- **INFORMATION SHOWN**
• • • • • • •

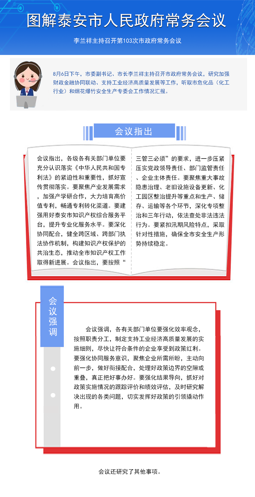 8月6日下午,市委副書記、市長李蘭祥主持召開市政府常務會議,研究加強財政金融協同聯動、支持工業經濟高質量發展等工作,聽取市?;罚ɑば袠I)和煙花爆竹安全生產專委會工作情況匯報。
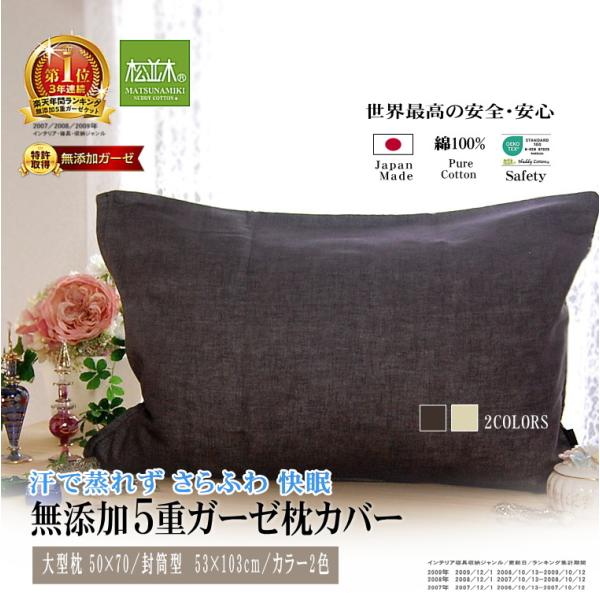 枕カバー 53×103(50×70用)封筒型 無添加ヌーディコットン5重ガーゼ 2色 ファべ社など 吸水速乾 綿100% 日本製 松並木 エコテックス認証 敏感肌 アトピー
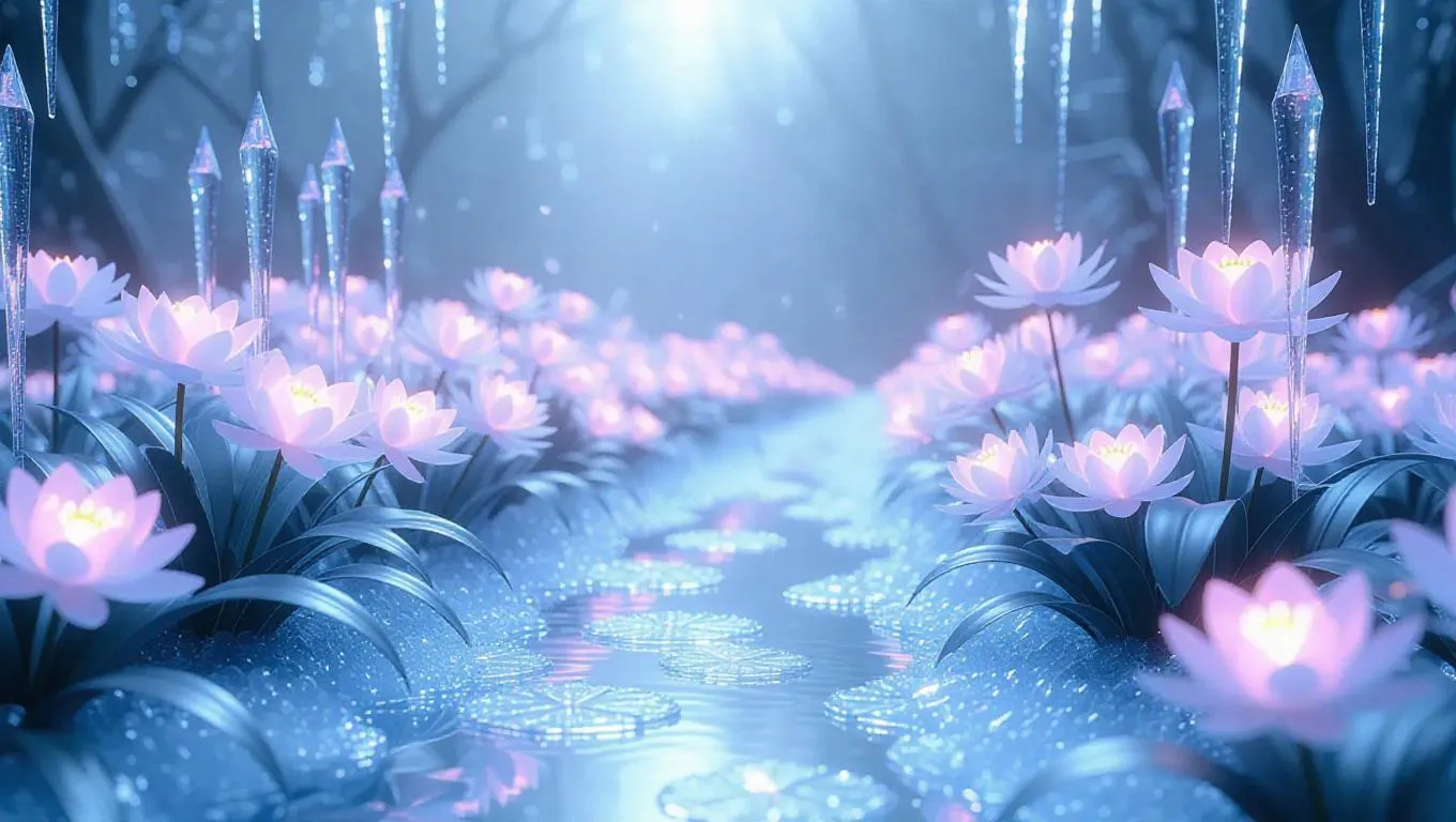 Text to ImageA mystical path adorned with glowing ice lilies blooming alongside glistening icicles, petals crafted from translucent frosted crystal, casting ethereal light and shimmering hues, creating an enchanting winter wonderlandRecreate
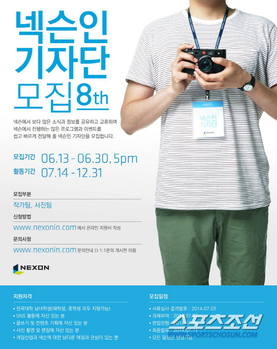 선발된 학생들은 14일부터 12월31일까지 약 6개월간 '넥슨인 기자단'으로 활동하며, 넥슨 컴퍼니 주최 사내행사 및 이벤트, 직원 교육 프로그램, 사회공헌활동 등에 참여해 취재하고, 넥슨인 홈페이지 및 넥슨인 블로그(nxreporter.nexon.com)를 통해 관련 소식을 대외에 알리는 역할을 한다. 활동을 마친 기자단 전원에게는 넥슨 컴퍼니 인턴십 및 공개채용에서 가산점이 부여되며, 활동 결과에 따라 부상도 제공된다. 남정석 기자 bluesky@sportschosun.com

• • • • • • •

- **WHAT THE TASK REQUIRES**
Please return only the lines from the top of the data through the line with "枕カバー 53×103(50×70用)封筒型 無添加ヌーディコットン5重ガーゼ", exactly as written, and drop every picture.

- **SOLUTION TO THIS PROBLEM**
 8月6日下午,市委副書記、市長李蘭祥主持召開市政府常務會議,研究加強財政金融協同聯動、支持工業經濟高質量發展等工作,聽取市?;罚ɑば袠I)和煙花爆竹安全生產專委會工作情況匯報。
 枕カバー 53×103(50×70用)封筒型 無添加ヌーディコットン5重ガーゼ 2色 ファべ社など 吸水速乾 綿100% 日本製 松並木 エコテックス認証 敏感肌 アトピー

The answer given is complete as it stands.